▶ **Your instructions**: The lines below starting at the line containing "オビエドの北、コスタ・ベルデ" and ending at the line containing "Mapa que mostra" are to be repeated exactly, with both ends kept and nothing else added.

(Records from a dataset)

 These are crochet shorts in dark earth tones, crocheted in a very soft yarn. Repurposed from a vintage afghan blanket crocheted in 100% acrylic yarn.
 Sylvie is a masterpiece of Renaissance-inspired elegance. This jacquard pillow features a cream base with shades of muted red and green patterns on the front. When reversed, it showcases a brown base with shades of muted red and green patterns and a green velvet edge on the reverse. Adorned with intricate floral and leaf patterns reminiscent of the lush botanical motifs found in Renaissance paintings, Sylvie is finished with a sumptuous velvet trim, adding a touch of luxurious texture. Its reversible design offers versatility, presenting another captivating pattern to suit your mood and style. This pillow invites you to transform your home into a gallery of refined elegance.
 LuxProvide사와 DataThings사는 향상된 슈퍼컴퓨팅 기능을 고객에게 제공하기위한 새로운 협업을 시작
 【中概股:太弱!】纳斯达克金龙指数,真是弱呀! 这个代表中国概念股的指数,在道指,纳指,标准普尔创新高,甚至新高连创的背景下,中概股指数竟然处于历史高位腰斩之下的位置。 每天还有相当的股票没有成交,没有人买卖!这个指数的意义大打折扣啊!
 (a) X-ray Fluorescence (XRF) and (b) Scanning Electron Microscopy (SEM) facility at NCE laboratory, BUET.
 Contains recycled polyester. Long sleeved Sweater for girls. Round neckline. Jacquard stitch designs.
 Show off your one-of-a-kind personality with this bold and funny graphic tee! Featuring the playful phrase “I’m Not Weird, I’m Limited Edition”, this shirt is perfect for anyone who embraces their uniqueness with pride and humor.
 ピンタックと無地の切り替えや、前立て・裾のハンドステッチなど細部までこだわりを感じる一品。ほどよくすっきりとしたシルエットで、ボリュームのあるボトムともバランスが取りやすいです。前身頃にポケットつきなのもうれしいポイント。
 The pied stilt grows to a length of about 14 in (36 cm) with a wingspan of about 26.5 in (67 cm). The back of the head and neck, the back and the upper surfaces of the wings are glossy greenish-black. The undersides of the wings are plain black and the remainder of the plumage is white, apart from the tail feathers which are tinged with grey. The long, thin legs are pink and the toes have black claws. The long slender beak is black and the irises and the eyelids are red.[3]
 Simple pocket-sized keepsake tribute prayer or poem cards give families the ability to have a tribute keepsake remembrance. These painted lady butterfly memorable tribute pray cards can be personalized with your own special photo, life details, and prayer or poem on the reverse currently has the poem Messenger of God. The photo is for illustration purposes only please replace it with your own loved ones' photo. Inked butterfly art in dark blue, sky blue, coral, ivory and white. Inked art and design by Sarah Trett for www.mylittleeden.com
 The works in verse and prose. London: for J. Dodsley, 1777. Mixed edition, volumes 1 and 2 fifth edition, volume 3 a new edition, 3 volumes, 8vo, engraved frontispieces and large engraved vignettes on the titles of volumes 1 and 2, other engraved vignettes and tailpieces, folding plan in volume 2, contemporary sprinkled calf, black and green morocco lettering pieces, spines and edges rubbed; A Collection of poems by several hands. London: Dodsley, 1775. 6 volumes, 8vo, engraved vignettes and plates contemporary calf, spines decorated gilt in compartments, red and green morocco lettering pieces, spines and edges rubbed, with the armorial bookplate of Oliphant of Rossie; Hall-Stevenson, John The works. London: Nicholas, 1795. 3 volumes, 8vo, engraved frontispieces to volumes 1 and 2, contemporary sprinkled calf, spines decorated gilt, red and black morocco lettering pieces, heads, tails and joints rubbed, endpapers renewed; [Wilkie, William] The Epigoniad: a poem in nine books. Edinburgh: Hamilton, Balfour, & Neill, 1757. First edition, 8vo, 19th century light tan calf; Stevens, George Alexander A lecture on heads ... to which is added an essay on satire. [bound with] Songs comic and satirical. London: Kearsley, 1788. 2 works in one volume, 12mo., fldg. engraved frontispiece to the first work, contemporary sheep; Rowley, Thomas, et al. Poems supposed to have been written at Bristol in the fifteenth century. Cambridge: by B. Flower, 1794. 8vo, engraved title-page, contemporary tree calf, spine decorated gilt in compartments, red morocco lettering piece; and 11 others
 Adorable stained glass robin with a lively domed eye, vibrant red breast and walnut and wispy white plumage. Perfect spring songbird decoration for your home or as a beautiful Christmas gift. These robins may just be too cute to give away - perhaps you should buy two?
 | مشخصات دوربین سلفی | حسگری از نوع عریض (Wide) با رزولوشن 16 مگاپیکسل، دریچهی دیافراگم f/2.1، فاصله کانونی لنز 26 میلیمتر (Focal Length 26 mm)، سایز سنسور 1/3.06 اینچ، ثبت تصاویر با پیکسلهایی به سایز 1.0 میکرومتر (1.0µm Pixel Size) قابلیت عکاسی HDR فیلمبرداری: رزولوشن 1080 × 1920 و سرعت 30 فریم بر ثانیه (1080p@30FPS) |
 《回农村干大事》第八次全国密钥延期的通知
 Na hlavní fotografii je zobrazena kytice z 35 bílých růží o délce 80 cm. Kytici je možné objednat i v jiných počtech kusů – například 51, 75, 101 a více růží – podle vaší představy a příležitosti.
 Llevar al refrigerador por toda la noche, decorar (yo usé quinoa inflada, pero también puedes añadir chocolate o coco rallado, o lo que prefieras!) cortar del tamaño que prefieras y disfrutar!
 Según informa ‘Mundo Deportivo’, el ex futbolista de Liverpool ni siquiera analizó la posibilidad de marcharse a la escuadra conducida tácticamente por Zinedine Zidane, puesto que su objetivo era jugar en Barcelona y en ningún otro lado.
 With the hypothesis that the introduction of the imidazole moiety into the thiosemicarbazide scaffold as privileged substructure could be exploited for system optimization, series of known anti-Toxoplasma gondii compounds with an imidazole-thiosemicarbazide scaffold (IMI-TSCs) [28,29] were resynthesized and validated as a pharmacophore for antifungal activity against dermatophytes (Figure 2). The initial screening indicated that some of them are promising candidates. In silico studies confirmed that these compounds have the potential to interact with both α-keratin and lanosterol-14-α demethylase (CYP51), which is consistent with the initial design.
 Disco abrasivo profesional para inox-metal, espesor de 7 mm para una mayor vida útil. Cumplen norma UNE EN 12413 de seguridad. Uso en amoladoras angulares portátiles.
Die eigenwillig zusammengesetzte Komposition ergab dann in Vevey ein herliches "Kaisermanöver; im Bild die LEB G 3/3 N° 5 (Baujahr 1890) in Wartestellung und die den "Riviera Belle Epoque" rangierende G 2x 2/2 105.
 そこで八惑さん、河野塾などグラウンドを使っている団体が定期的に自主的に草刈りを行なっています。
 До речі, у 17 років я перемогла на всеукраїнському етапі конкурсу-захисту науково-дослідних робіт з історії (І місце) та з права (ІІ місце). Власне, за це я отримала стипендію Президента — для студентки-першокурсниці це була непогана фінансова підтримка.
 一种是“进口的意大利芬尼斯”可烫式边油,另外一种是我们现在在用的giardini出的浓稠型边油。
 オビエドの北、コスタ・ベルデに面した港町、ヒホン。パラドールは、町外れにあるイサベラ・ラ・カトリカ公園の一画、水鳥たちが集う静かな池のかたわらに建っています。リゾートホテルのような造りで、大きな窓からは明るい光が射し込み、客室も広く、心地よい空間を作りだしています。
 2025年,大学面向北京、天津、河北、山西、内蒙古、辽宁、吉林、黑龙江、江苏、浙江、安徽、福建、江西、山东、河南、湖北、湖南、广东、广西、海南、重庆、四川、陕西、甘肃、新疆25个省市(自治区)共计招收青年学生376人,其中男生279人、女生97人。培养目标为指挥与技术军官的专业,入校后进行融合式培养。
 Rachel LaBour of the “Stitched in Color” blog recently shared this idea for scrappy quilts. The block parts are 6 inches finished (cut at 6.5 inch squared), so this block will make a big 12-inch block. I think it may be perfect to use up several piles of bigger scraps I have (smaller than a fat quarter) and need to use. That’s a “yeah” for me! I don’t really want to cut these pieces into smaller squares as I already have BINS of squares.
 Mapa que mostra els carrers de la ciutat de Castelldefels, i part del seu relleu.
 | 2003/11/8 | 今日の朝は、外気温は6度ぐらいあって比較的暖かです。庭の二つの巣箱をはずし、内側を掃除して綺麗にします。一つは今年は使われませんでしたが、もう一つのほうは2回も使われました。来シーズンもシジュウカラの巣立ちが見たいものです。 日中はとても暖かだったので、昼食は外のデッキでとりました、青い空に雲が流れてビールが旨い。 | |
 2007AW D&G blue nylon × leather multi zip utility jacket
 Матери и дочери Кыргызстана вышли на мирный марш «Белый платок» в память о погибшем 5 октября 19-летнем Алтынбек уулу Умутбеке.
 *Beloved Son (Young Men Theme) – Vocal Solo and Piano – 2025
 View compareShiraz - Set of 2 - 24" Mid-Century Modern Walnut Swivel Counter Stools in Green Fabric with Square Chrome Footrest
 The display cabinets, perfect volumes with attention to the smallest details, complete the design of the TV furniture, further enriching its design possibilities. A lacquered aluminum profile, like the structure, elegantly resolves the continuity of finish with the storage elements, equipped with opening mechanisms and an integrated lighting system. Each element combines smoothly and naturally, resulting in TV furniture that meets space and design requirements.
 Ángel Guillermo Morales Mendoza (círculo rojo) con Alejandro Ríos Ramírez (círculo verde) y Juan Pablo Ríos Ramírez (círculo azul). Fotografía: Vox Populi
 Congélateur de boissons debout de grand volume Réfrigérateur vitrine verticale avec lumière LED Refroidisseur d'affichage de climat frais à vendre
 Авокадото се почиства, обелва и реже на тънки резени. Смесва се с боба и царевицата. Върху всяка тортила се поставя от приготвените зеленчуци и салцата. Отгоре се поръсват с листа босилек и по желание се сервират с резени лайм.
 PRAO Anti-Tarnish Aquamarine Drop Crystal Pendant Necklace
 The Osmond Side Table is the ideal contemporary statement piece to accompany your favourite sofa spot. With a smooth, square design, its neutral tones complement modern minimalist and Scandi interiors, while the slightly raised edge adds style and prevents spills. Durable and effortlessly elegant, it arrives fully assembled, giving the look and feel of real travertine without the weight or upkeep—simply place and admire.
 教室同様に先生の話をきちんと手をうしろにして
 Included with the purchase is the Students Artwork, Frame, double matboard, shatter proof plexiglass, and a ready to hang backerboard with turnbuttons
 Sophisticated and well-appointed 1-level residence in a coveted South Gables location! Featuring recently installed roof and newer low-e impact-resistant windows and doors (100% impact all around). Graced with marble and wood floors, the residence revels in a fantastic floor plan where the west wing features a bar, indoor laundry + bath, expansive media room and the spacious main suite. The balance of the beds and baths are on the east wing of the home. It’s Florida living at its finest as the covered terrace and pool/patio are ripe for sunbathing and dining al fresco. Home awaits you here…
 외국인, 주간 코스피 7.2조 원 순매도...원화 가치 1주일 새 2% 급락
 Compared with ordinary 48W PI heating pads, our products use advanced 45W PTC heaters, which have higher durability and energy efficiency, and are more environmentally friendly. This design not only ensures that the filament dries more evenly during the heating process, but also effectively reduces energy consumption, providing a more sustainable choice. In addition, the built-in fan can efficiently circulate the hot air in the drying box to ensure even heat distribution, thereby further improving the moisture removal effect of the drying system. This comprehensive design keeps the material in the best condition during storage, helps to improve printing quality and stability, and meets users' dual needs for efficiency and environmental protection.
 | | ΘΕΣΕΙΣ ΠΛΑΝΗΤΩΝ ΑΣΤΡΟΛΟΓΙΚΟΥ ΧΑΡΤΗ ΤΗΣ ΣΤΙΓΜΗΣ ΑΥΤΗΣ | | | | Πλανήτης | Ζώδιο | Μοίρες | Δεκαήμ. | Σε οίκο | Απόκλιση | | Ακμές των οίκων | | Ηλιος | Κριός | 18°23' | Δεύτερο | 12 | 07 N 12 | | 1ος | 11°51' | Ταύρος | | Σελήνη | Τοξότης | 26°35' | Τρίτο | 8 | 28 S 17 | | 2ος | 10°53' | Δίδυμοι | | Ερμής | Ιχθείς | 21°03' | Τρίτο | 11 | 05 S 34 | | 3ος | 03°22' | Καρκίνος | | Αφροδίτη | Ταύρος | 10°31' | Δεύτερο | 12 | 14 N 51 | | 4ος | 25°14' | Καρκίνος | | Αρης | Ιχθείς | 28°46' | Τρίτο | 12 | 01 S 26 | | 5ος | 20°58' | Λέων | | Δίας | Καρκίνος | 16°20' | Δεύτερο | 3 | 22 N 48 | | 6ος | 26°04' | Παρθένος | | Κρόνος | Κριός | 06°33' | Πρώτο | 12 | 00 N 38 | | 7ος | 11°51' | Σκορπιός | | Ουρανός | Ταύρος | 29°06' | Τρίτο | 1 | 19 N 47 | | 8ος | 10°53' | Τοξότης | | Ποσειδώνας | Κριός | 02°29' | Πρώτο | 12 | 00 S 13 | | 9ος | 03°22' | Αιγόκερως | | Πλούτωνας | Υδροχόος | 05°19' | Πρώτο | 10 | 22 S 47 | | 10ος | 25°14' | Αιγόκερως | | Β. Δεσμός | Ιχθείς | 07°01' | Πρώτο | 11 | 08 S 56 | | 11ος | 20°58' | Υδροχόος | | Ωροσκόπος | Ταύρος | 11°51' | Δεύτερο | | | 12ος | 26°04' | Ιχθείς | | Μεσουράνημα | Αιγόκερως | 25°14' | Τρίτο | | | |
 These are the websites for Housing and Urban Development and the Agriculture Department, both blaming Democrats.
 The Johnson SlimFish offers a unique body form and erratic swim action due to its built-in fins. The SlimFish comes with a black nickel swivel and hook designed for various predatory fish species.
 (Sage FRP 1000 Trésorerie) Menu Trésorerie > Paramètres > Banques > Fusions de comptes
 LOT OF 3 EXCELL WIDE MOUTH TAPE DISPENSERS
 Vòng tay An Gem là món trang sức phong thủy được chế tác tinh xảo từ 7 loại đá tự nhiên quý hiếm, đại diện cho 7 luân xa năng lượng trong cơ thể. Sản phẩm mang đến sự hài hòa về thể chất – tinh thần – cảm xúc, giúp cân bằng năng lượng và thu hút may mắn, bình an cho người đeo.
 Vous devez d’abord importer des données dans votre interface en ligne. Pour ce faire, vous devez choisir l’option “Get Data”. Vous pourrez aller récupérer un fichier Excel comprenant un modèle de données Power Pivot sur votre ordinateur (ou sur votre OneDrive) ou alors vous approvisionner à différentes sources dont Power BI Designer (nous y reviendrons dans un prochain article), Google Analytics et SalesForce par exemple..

▶ **Result of this exercise**:
 オビエドの北、コスタ・ベルデに面した港町、ヒホン。パラドールは、町外れにあるイサベラ・ラ・カトリカ公園の一画、水鳥たちが集う静かな池のかたわらに建っています。リゾートホテルのような造りで、大きな窓からは明るい光が射し込み、客室も広く、心地よい空間を作りだしています。
 2025年,大学面向北京、天津、河北、山西、内蒙古、辽宁、吉林、黑龙江、江苏、浙江、安徽、福建、江西、山东、河南、湖北、湖南、广东、广西、海南、重庆、四川、陕西、甘肃、新疆25个省市(自治区)共计招收青年学生376人,其中男生279人、女生97人。培养目标为指挥与技术军官的专业,入校后进行融合式培养。
 Rachel LaBour of the “Stitched in Color” blog recently shared this idea for scrappy quilts. The block parts are 6 inches finished (cut at 6.5 inch squared), so this block will make a big 12-inch block. I think it may be perfect to use up several piles of bigger scraps I have (smaller than a fat quarter) and need to use. That’s a “yeah” for me! I don’t really want to cut these pieces into smaller squares as I already have BINS of squares.
 Mapa que mostra els carrers de la ciutat de Castelldefels, i part del seu relleu.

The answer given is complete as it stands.